The most tricky navigation of the day seemed to be getting from Newcastle station to the river but, once there, it’s a pleasant 12 or 13 mile ride along the Hadrian’s Wall Cycleway to Tynemouth. The path has been improved in the last couple of years and it was much easier to negotiate the area around the Tyne Tunnel and ferry port at North Shields than last time I used it, which is an unexpected bonus. We have our first coffee break of the day on the fish quay
before heading up hill to the priory and our first sight of the sea proper. This also marks the start of National Cycle Route 1, signs for which soon start to have the same effect as last year’s yellow arrows!

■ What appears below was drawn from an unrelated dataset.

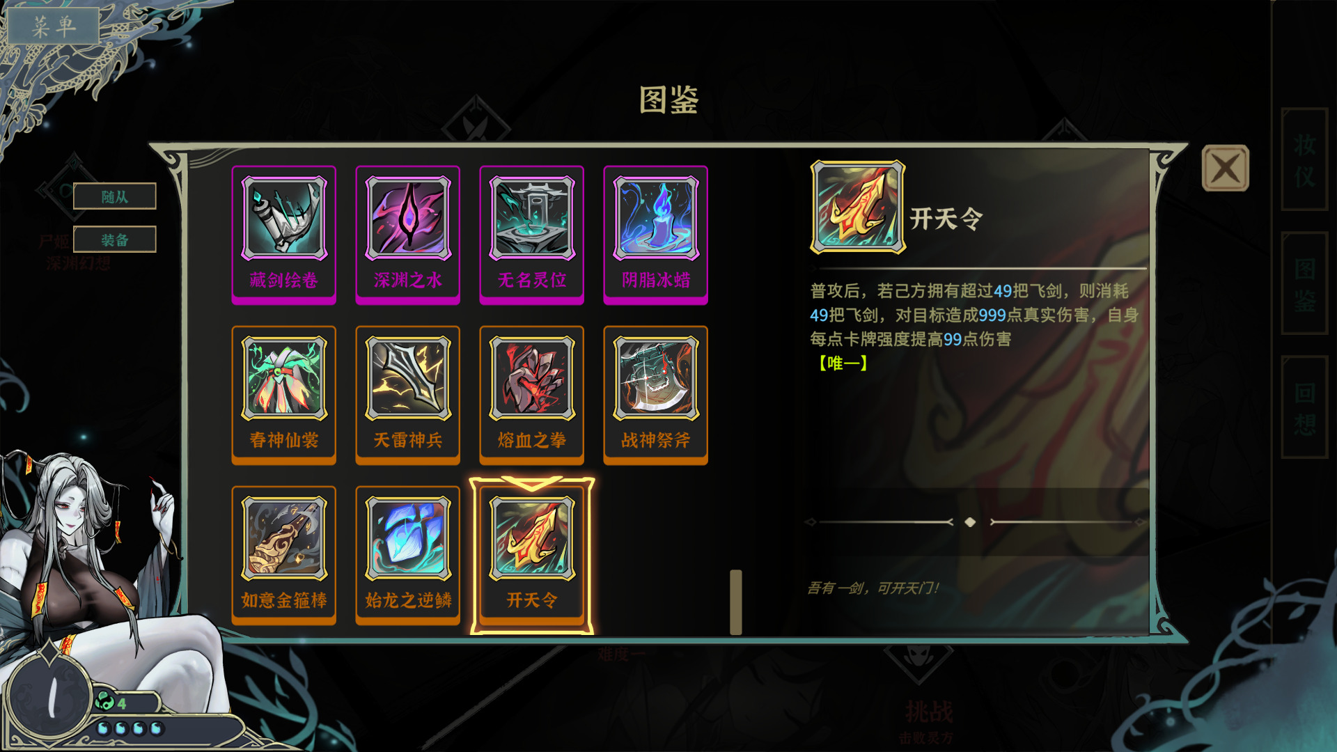 游戏里共有28位能力特异的随从,从醉酒龙娘、卑微剑灵到涩图画手、亡国公主,每一位都有独特的设定和技能,再搭配上分级明确、特效多样的装备,构筑出了极高的自由度。作为资深卡牌玩家,我最欣赏的就是这款游戏对随从定位的区分——没有绝对强势的随从,只有适配不同构筑的最优解。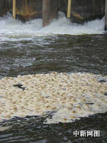 中新社徐州八月九日電 (邵國棟)記者今天來到受嚴重砷污染的江蘇省邳州市邳城鎮(zhèn)城河節(jié)制閘現(xiàn)場,十余名工人正在閘站上往河道里投放一種黃色的粉末。工人稱這種叫三氯化鐵的化學物質主要用來降低水體砷化物濃度,他們已經(jīng)在此晝夜堅守多日。

We are soon cycling along next to the sea, enjoying the views over the long white strands of Tynemouth and Whitley Bay. There’s a bit of sea haar now, but it’s still warm and dry. The dunes to the north of the beaches are studded with flowers – bloody cranesbill, buttercups, orchids, speedwell and bird’s foot trefoil, amongst others. The cowslips are just finishing, but must have been spectacular.

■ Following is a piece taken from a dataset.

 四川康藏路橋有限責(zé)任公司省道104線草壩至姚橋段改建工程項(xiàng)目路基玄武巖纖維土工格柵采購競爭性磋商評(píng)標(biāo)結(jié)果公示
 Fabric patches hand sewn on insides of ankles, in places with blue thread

As we approach Blyth, we are greeted by the incongruous site of the pink-washed First World War gun battery and brightly coloured bathing huts with sedum roofs. Blyth itself is less fun but the sky has started to darken by this time, so we stop to eat our sandwiches at a dodgy-looking picnic table before the rain really sets in. It rains hard when it does come, but not for too long, and we have more or less dried out in the breeze before we reach the famous Spurreli’s at Amble for a late coffee and ice -cream break.
The sun is out again as we cycle past our first proper castle at Warkworth and the late afternoon light is lovely. We ride along a good track parallel to the road to Alnmouth before turning off to take the rural route to Alnwick itself. This turns out to be the biggest hill of the day – real contours on our cycle map – and is hard work at this stage. We are very pleased to arrive in Alnwick, especially as the next downpour has caught us up. It’s still raining when we head out again for dinner at my regular, The Black Swan – very welcome by this stage. Nice to feel we’ve done enough exercise to justify their sticky toffee pudding this time.